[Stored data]
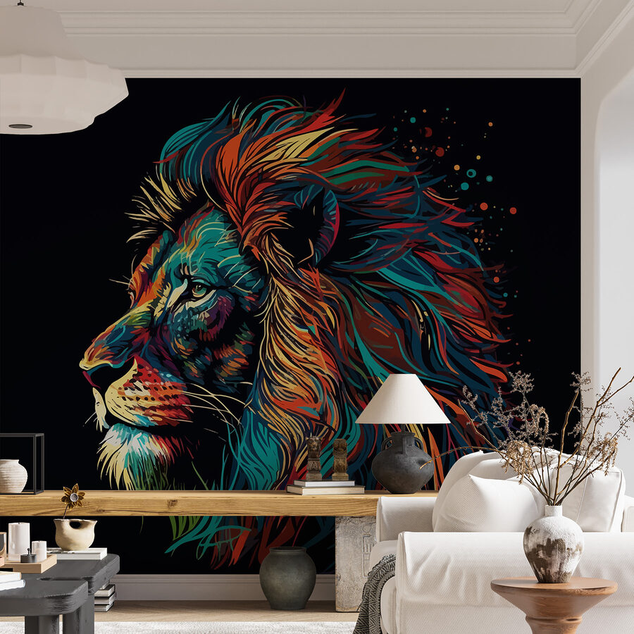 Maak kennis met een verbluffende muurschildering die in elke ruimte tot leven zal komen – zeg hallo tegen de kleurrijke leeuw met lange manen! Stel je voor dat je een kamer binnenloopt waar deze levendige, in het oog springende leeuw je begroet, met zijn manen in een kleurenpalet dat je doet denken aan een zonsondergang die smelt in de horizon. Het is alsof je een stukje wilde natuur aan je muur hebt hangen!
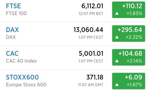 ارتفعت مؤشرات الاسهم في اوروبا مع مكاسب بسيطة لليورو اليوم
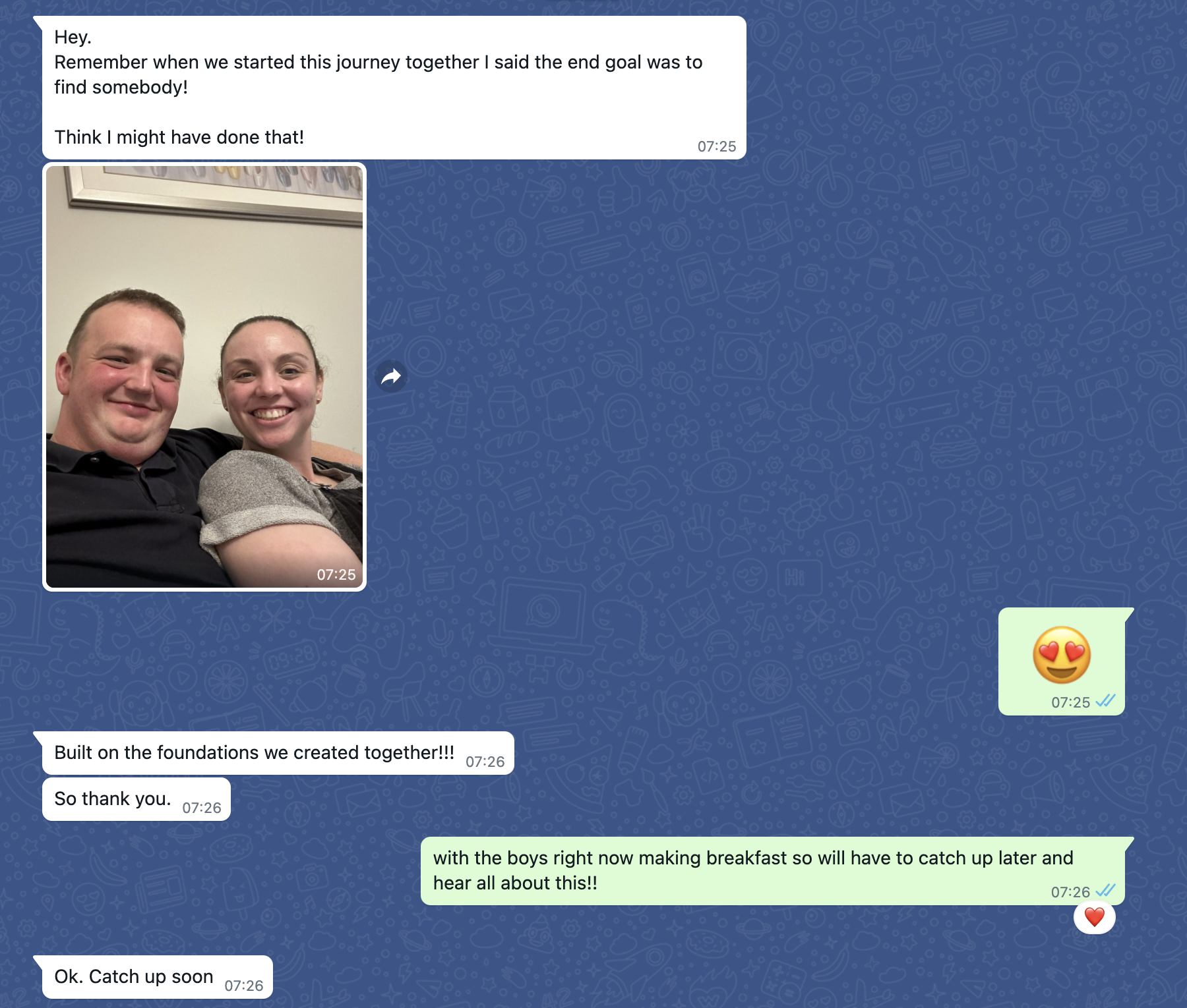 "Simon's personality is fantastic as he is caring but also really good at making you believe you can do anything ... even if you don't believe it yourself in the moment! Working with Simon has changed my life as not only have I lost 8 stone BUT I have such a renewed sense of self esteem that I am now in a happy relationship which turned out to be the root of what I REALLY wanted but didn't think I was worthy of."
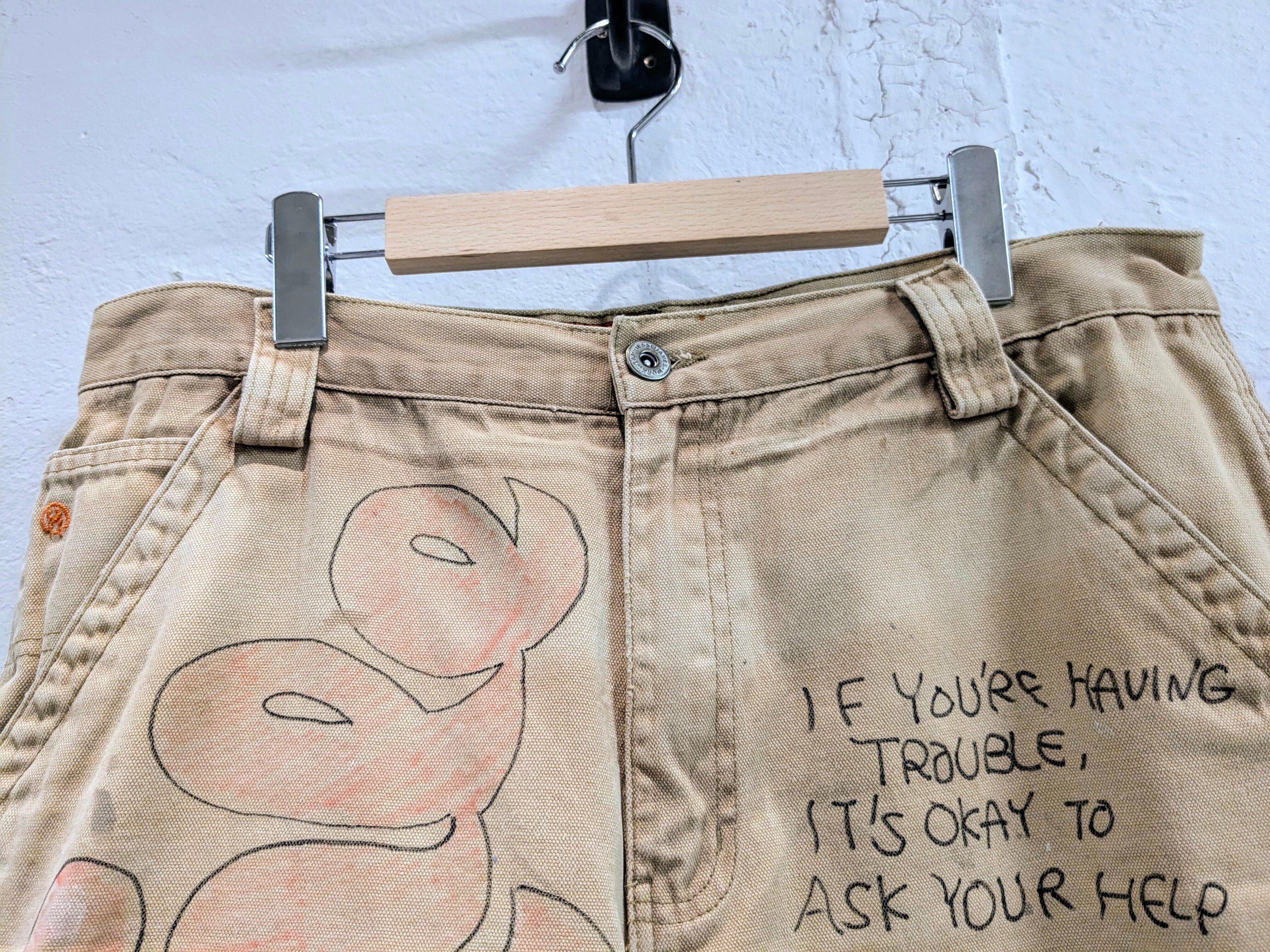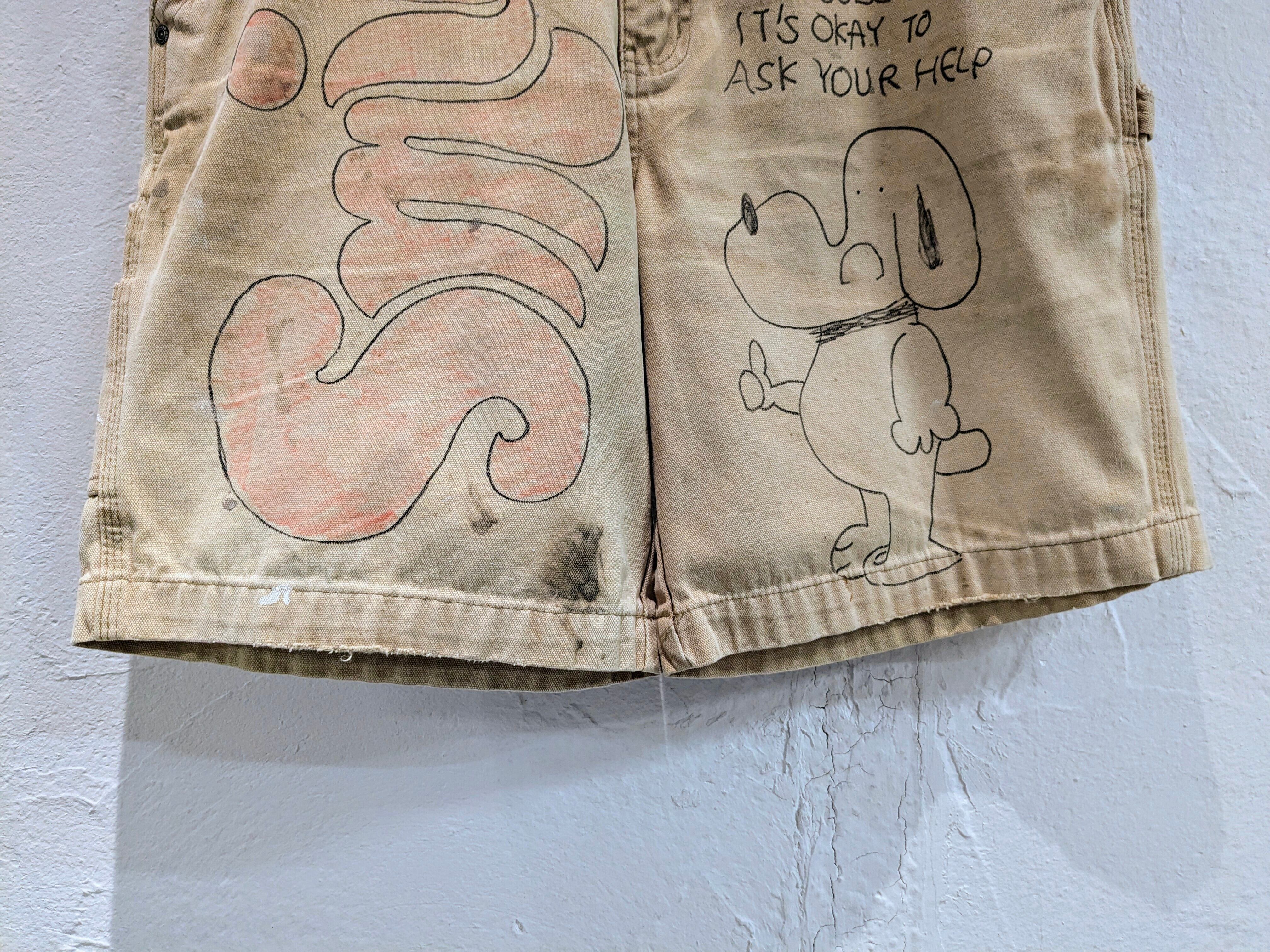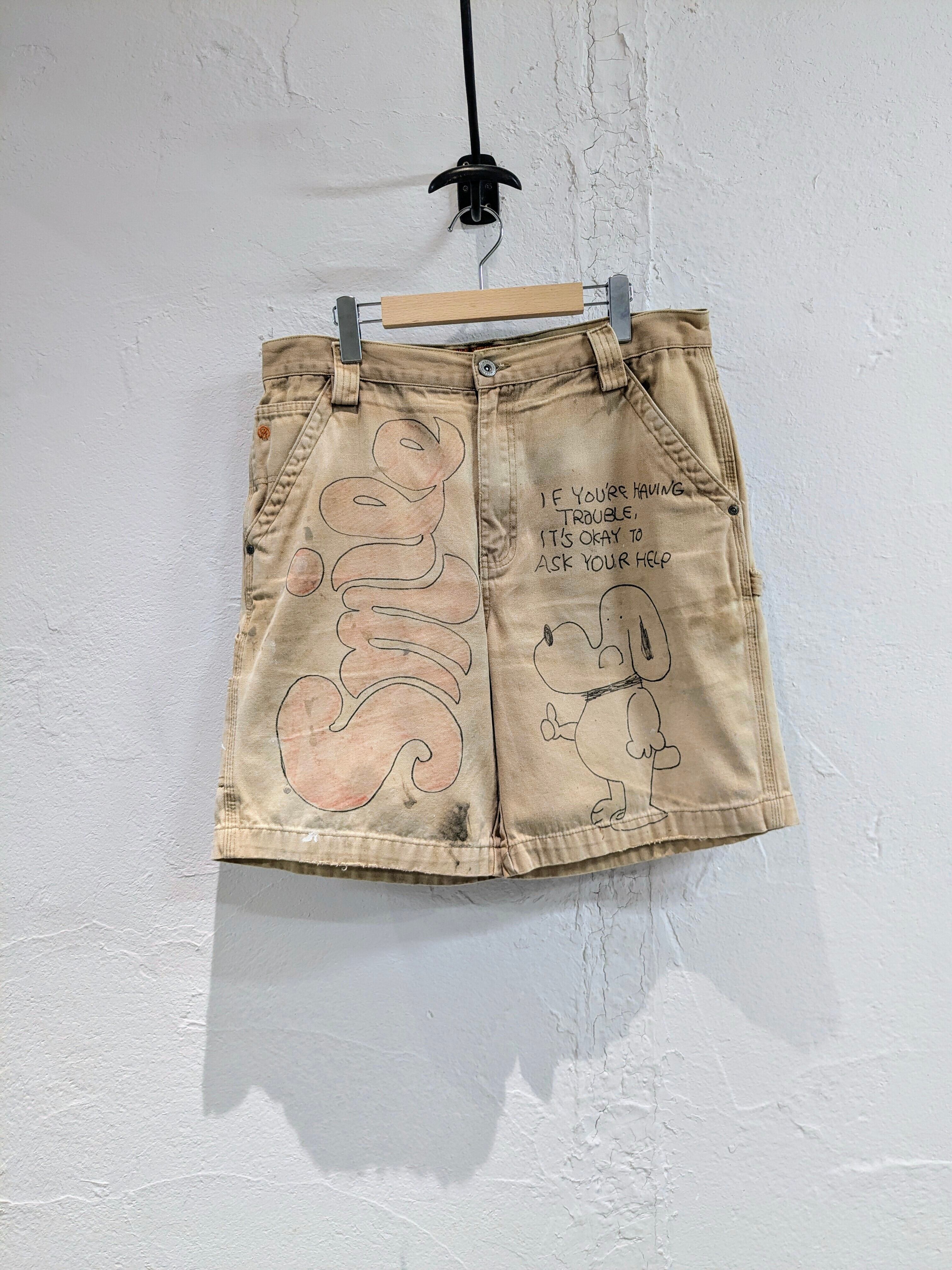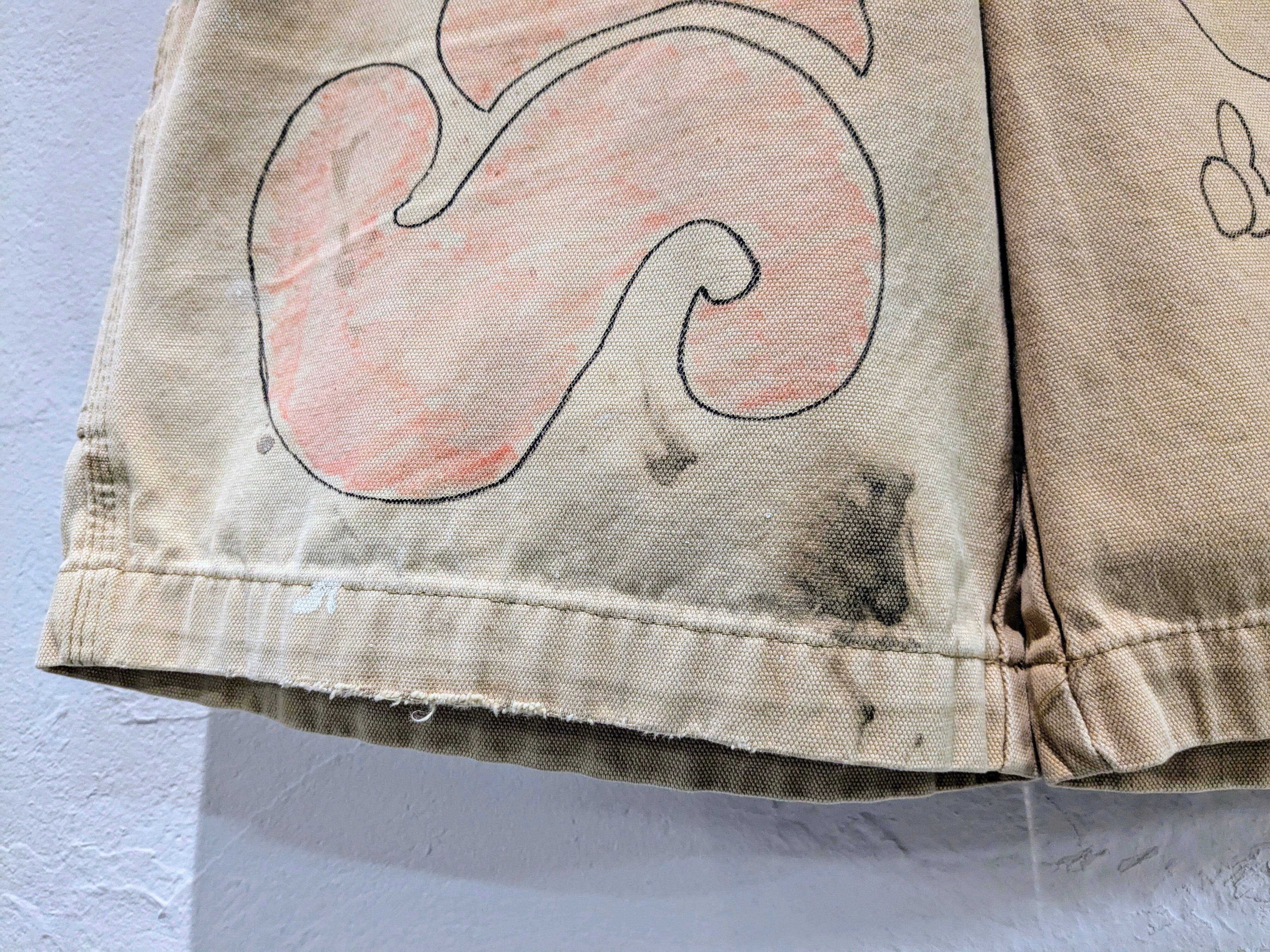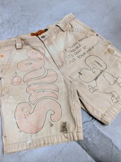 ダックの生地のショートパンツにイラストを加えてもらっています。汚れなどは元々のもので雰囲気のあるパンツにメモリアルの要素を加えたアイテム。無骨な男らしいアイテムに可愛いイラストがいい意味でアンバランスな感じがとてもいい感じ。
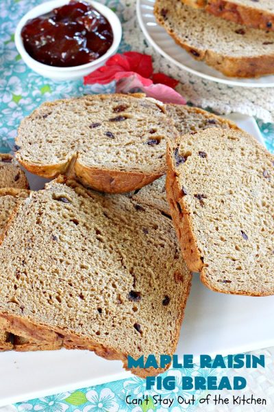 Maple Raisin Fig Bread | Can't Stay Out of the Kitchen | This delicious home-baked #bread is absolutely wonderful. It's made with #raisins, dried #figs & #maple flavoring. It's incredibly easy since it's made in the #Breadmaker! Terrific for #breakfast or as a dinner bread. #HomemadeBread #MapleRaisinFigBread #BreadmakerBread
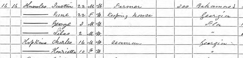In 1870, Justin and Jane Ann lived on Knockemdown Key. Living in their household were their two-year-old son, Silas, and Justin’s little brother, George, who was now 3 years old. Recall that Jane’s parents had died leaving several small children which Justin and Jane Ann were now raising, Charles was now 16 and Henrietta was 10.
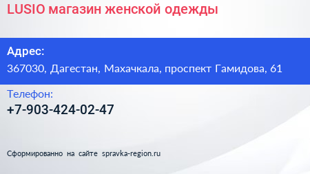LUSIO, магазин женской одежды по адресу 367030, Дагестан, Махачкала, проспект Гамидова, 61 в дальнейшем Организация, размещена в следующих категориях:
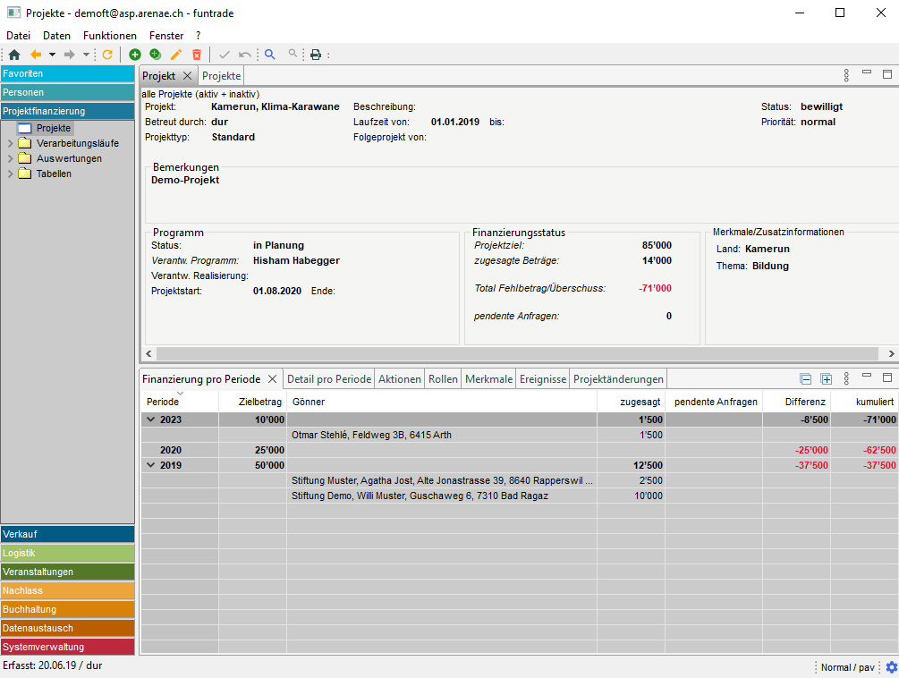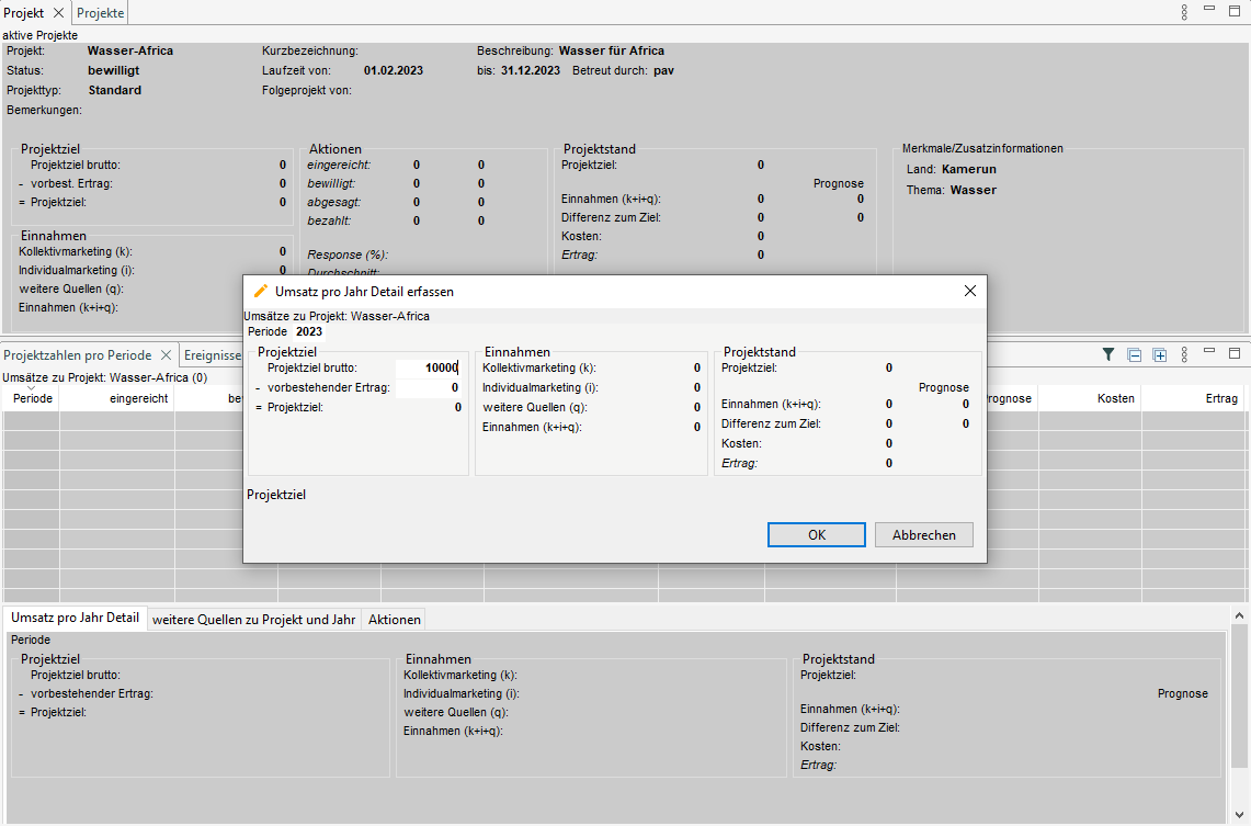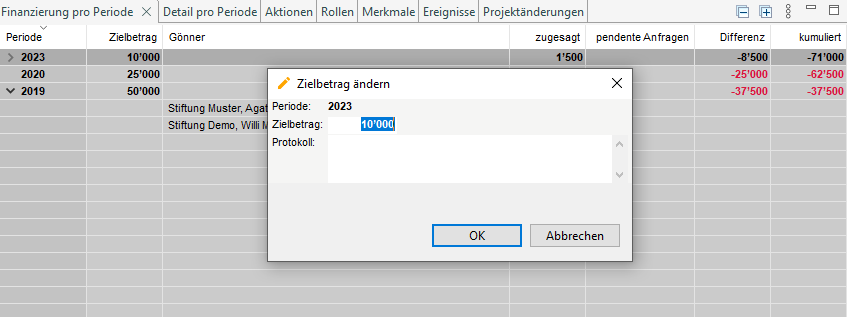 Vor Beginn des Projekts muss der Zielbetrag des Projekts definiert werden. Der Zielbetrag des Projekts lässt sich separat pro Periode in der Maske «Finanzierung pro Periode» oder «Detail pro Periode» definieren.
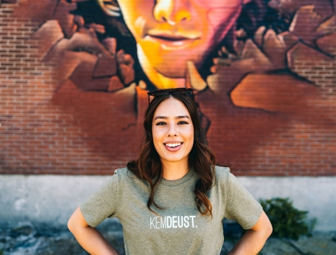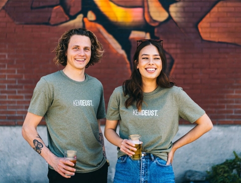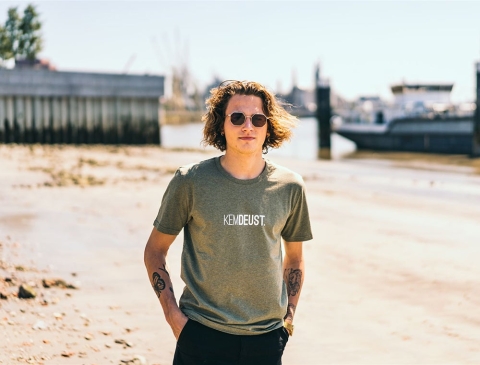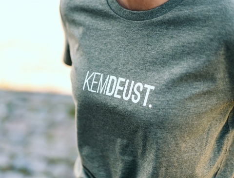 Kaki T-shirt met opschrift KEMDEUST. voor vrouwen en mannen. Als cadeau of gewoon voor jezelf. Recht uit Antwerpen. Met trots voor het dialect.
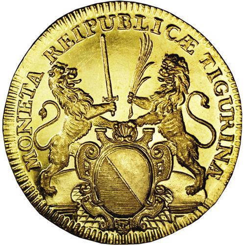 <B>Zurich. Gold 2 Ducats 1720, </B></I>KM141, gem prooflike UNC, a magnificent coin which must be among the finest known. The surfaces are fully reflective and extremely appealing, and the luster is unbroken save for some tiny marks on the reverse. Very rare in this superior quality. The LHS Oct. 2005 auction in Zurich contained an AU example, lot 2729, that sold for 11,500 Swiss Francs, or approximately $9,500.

== Your goal ==
Without the pictures, copy the entries from their first line through the line containing "Maple Raisin Fig", and only those lines.

== Result ==
 Maak kennis met een verbluffende muurschildering die in elke ruimte tot leven zal komen – zeg hallo tegen de kleurrijke leeuw met lange manen! Stel je voor dat je een kamer binnenloopt waar deze levendige, in het oog springende leeuw je begroet, met zijn manen in een kleurenpalet dat je doet denken aan een zonsondergang die smelt in de horizon. Het is alsof je een stukje wilde natuur aan je muur hebt hangen!
 ارتفعت مؤشرات الاسهم في اوروبا مع مكاسب بسيطة لليورو اليوم
 "Simon's personality is fantastic as he is caring but also really good at making you believe you can do anything ... even if you don't believe it yourself in the moment! Working with Simon has changed my life as not only have I lost 8 stone BUT I have such a renewed sense of self esteem that I am now in a happy relationship which turned out to be the root of what I REALLY wanted but didn't think I was worthy of."
 ダックの生地のショートパンツにイラストを加えてもらっています。汚れなどは元々のもので雰囲気のあるパンツにメモリアルの要素を加えたアイテム。無骨な男らしいアイテムに可愛いイラストがいい意味でアンバランスな感じがとてもいい感じ。
 Maple Raisin Fig Bread | Can't Stay Out of the Kitchen | This delicious home-baked #bread is absolutely wonderful. It's made with #raisins, dried #figs & #maple flavoring. It's incredibly easy since it's made in the #Breadmaker! Terrific for #breakfast or as a dinner bread. #HomemadeBread #MapleRaisinFigBread #BreadmakerBread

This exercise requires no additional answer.